* What the exercise asks *
An exact transcript of every entry is required, without any of the pictures.

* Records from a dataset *
________________________________________
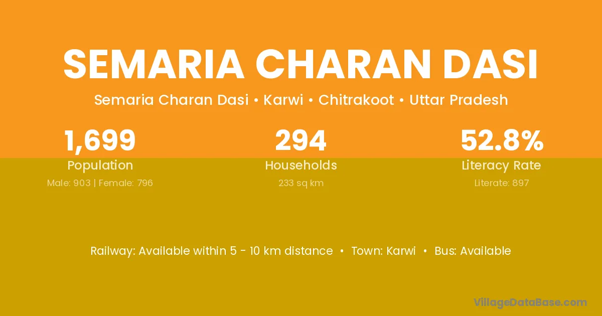 Karwi is the nearest town to Semaria Charan Dasi village for major economic activities
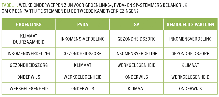 Voor GroenLinks-, PvdA- en SP-kiezers zijn in feite dezelfde vijf thema's redenen om op (een van) deze partijen te stemmen bij Parlementsverkiezingen: inkomensverdeling, zorg, klimaat, werkgelegenheid, onderwijs, maar in een verschillende volgorde van belang ( Tabel 1 ). Op het eerste gezicht lijkt het erop dat kiezers hun keuze vooral bepalen op basis van sociaaleconomische thema's. Immigratie, vluchtelingen, de dreiging van terrorisme of veiligheid, worden door PvdA-, GroenLinks- en SP-kiezers minder dan gemiddeld naar voren gebracht als onderwerpen die speelden bij het bepalen van een stem.
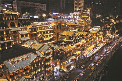 重庆洪崖洞夜景。
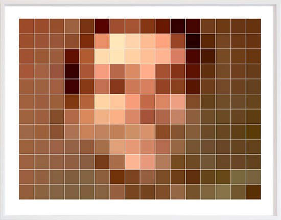 Munch's expressive and intensely personal treatment of psychological turmoil over a century ago finds in our era an equivalent in the selfie and Facebook, where intimate moments are documented, made public, discussed and analyzed. The six photos in my series are culled from my recent online dating experiences, but printed in such low resolution as to render details and content almost unrecognizable. The closer one gets to these photos, the less one knows. I've included images from classic Hollywood. Even though they are stripped of detail, they still convey meaning—familiar archetypes of beauty and desirability. My intent is to draw attention to and frustrate our voyeuristic impulses. We're invited to ponder not only what we're looking at, but how and why.
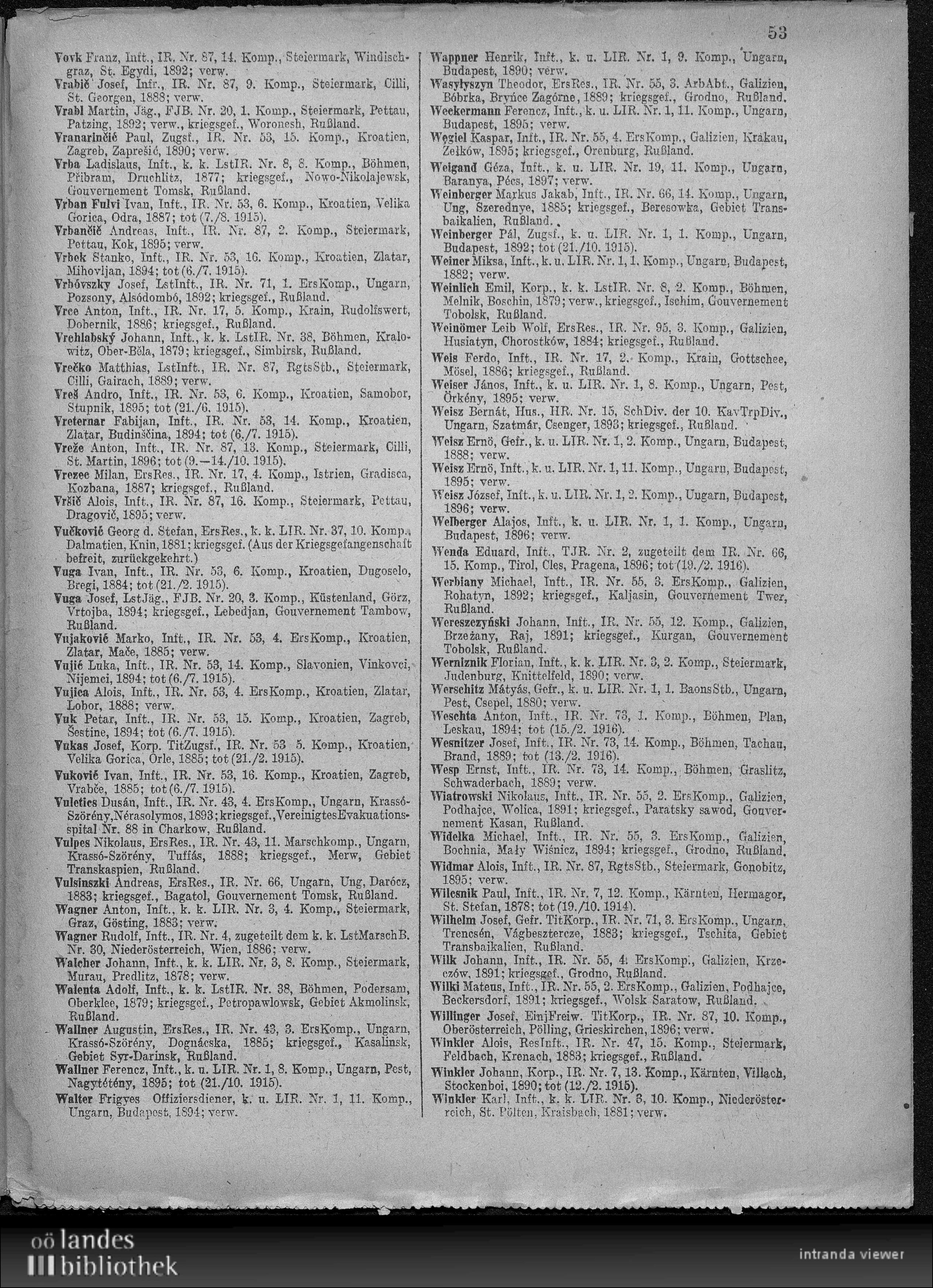 Verlustlisten Österreich-Ungarn 1. WK, page 402_53: Widmar Alois (Mannschaft) Verlustlisten Österreich-Ungarn 1. WK
________________________________________
* Solution to this task *
 Karwi is the nearest town to Semaria Charan Dasi village for major economic activities
 Voor GroenLinks-, PvdA- en SP-kiezers zijn in feite dezelfde vijf thema's redenen om op (een van) deze partijen te stemmen bij Parlementsverkiezingen: inkomensverdeling, zorg, klimaat, werkgelegenheid, onderwijs, maar in een verschillende volgorde van belang ( Tabel 1 ). Op het eerste gezicht lijkt het erop dat kiezers hun keuze vooral bepalen op basis van sociaaleconomische thema's. Immigratie, vluchtelingen, de dreiging van terrorisme of veiligheid, worden door PvdA-, GroenLinks- en SP-kiezers minder dan gemiddeld naar voren gebracht als onderwerpen die speelden bij het bepalen van een stem.
 重庆洪崖洞夜景。
 Munch's expressive and intensely personal treatment of psychological turmoil over a century ago finds in our era an equivalent in the selfie and Facebook, where intimate moments are documented, made public, discussed and analyzed. The six photos in my series are culled from my recent online dating experiences, but printed in such low resolution as to render details and content almost unrecognizable. The closer one gets to these photos, the less one knows. I've included images from classic Hollywood. Even though they are stripped of detail, they still convey meaning—familiar archetypes of beauty and desirability. My intent is to draw attention to and frustrate our voyeuristic impulses. We're invited to ponder not only what we're looking at, but how and why.
 Verlustlisten Österreich-Ungarn 1. WK, page 402_53: Widmar Alois (Mannschaft) Verlustlisten Österreich-Ungarn 1. WK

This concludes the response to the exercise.